# A One Division per Clock Pipelined Division Architecture Based on LAPR(Lookahead of Partial-Remainder) for Low-power ECC Applications 

Hyung-Joon Kwon and Kwyro Lee Korea Advanced Institute of Science and Technology


#### Abstract

We propose a pipelined division architecture for low-power ECC applications, which is based on partialdivision on group basis and lookahead technique exploiting the linearity in finite field arithmetic. The throughput is one division per clock regardless of the degree of the dividend polynomial. The salient feature of this architecture is that it leads very low power-delay product. To verify the relative performance of the proposed division architecture over the conventional one using LFSR, three RS and BCH code applications were fabricated using $0.8 \mu \mathrm{~m}$ double metal CMOS technology. Experimental results show about 32, 65, 67 times improvement in power consumption compared with conventional one using LFSR.


## I. Introduction

Division in the finite field $\operatorname{GF}\left(2^{m}\right)$ is the most important building block in ECC(Error Correction Coding) systems such as BCH (Bose-ChaudhuriHocquenghem) and RS(Reed-Solomon) codes, since these block codings are based on long polynomial divisions[1]. The conventional Euclidean division architecture in finite field uses LFSR(Linear Feedback Shift Register). However, as the high-speed requirement for real-time audio/video coding as well as the low-power requirement for portable applications increase, this serial architecture has shown several limitations as follows. 1)The throughput is limited by the degree of the dividend polynomial. 2)The presence of a global feedback signal imposes severe constraints on the switching speed and necessitates the use of a global clock[2]. 3)This feedback signal limits the degree of parallelism that can be exploited for low-power consumption[3]. 4)The fact that the complete LFSR and serial buffer registers should be clocked for every clock cycle without concerning the change of contents, can not avoid useless power consumption[4]. Therefore, for high-speed/low-power ECC applications, a new division architecture which does not suffer from limitations mentioned above is necessitated.

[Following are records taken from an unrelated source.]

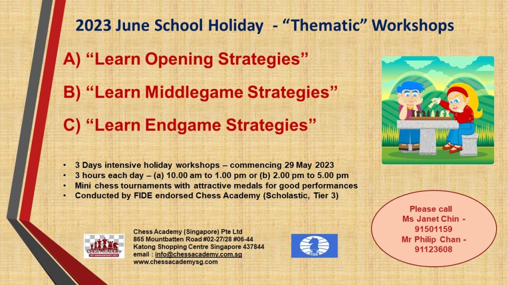 May 19, 2023May 19, 2023chessacademysg image 2023 June School Holiday Workshops Share this: Click to share on X (Opens in new window) X Click to share on Facebook (Opens in new window) Facebook Like Loading... Related
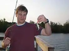 Bass fishing is the activity of angling for the North American gamefish known colloquially as the black bass.[1] There are numerous black bass species considered as gamefish in North America, including largemouth bass (Micropterus salmoides), smallmouth bass (Micropterus dolomieui), spotted bass or Kentucky bass (Micropterus punctulatus), and Guadalupe bass (Micropterus treculii).[2] Black bass are members of the sunfish family, Centrarchidae.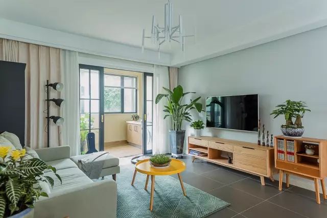 客厅的电视背景墙和沙发背景墙刷成了相同的颜色,墙面不做装饰,保持简约感。客厅外的阳台改成了洗衣房,用玻璃门隔开可以遮挡晾晒的衣服。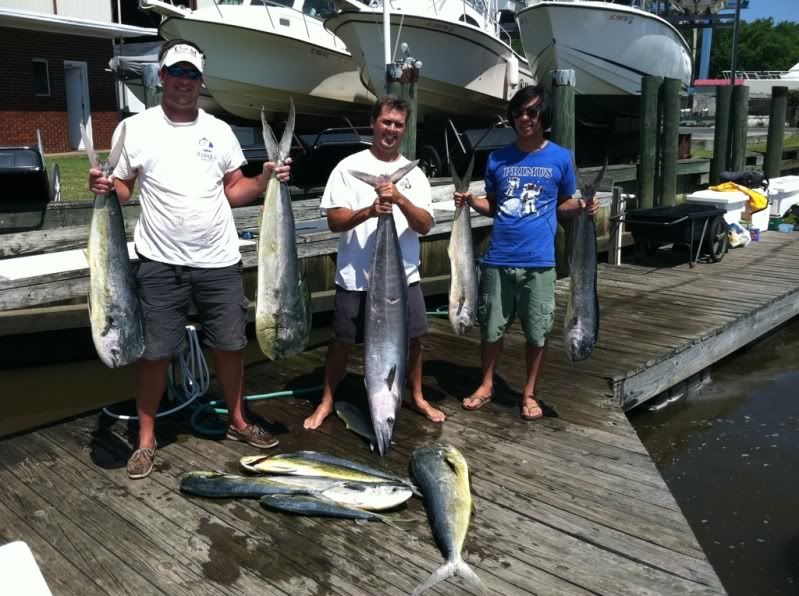 Started trolling around 530 am and get a dolphin on the second line out. Action is hot. Its amazing how quick things change out there. We put 3 good dolphin and a nice hoo in the box by 6:30 am. Fished until 12:30 and ended up with: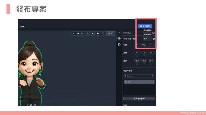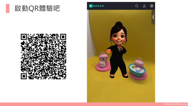 將角色匯入 MAKAR 製作專屬 AR 拍照框,並發布WebAR不需下載App、立即分享到社群。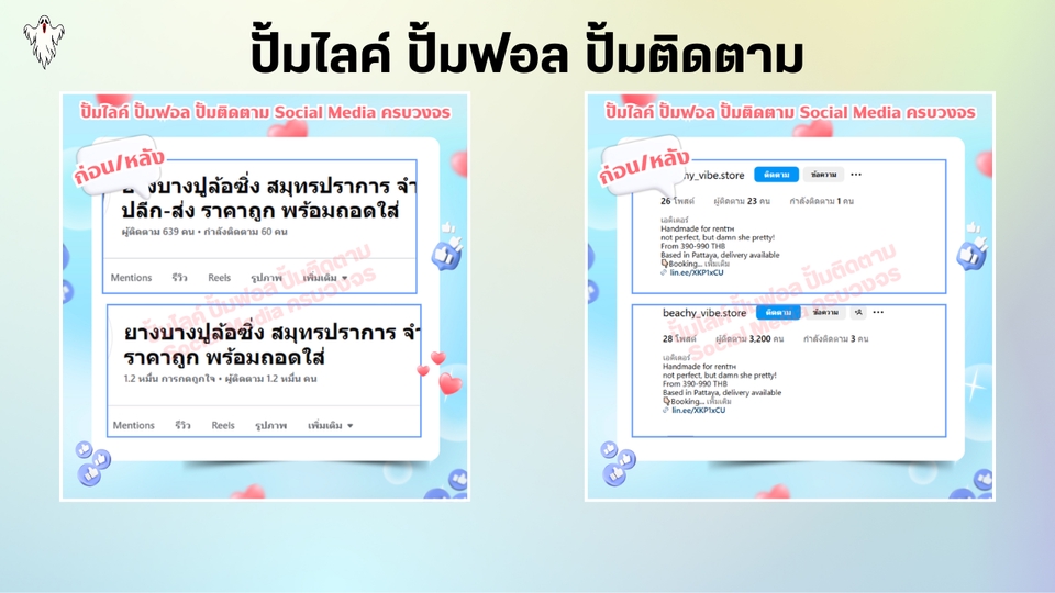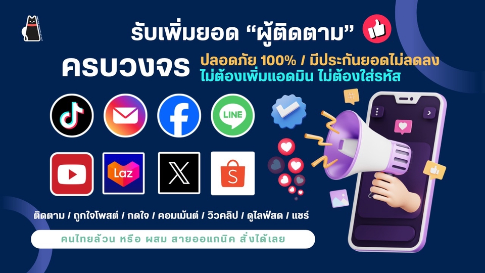 เพิ่มผู้ติดตาม FB TT IG X YT เพิ่มไลค์ เพิ่มวิว หรือบริการอื่นๆ ทุกแพลตฟอร์ม Social Media ครบวงจร

## II. New Division Algorithm based on LAPR

While the conventional division algorithm does symbol or bit basis serial processing, our division algorithm processes on group basis parallel processing. It starts from the definition of $P(x)$ as the long arbitrary dividend polynomial of degree $n$ and $M(x)$ as the fixed divisor polynomial of degree $k$, i.e., $P(x)=\sum_{i=0}^{n} p_{i} x^{i}$ and $M(x)=\sum_{i=0}^{k} m_{i} x^{i}$. If we define $q$ as the maximum number that satisfies $n \geq q(k+1)+k$ then the elements in the dividend polynomial can be grouped into $q+2$ orthogonal groups as follows : $P(x)=\sum_{i=0}^{q} P_{i}(x) x^{i(k+1)}+P_{-1}(x)$. All of the groups $P_{j}(x)$ for $q \geq j \geq 0$ has the same format as $S(x)$ defined as $S(x)=\left(\sum_{i=0}^{k} s_{i} x^{i}\right) x^{k}$.


Figure 1 The schematic diagram of new division algorithm based on LAPR for hardware implementation

Figure 1 shows our division algorithm schematically for hardware implementation. $Q_{q}(x)$ and $R_{q}(x)$ are the quotient and the remainder, respectively, resulting from $\quad P_{q}(x) / M(x) . \quad P^{\prime}{ }_{j}(x)$ for $q-1 \geq j \geq 0$ is the sum of 1 left symbol shift of $R_{j+1}(x)$ and $P_{j}(x)$. Here, to notice is that, in finite field, adding two symbols or polynomials with the same degree does not produce carry, leading to the resulting polynomial $P^{\prime}{ }_{j}(x)$ has the same format as $P_{j}(x)$. All of the $Q_{j}(x)$ and $R_{j}(x)$ for $q-1 \geq j \geq 0$ are the quotients and the remainders resulting from $P_{j}{ }_{j}(x) / M(x)$. We define them as partial-qutient and partail-remainder respectively, since those are the results from a partial-division. The overall quotient of $P(x) / M(x)$ is the weighted sum of all the partial-quotients $Q_{j}(x)$ for $q \geq j \geq 0$ and the overall remainder is the sum of $R_{0}(x)$ and last group $P_{-1}(x)$.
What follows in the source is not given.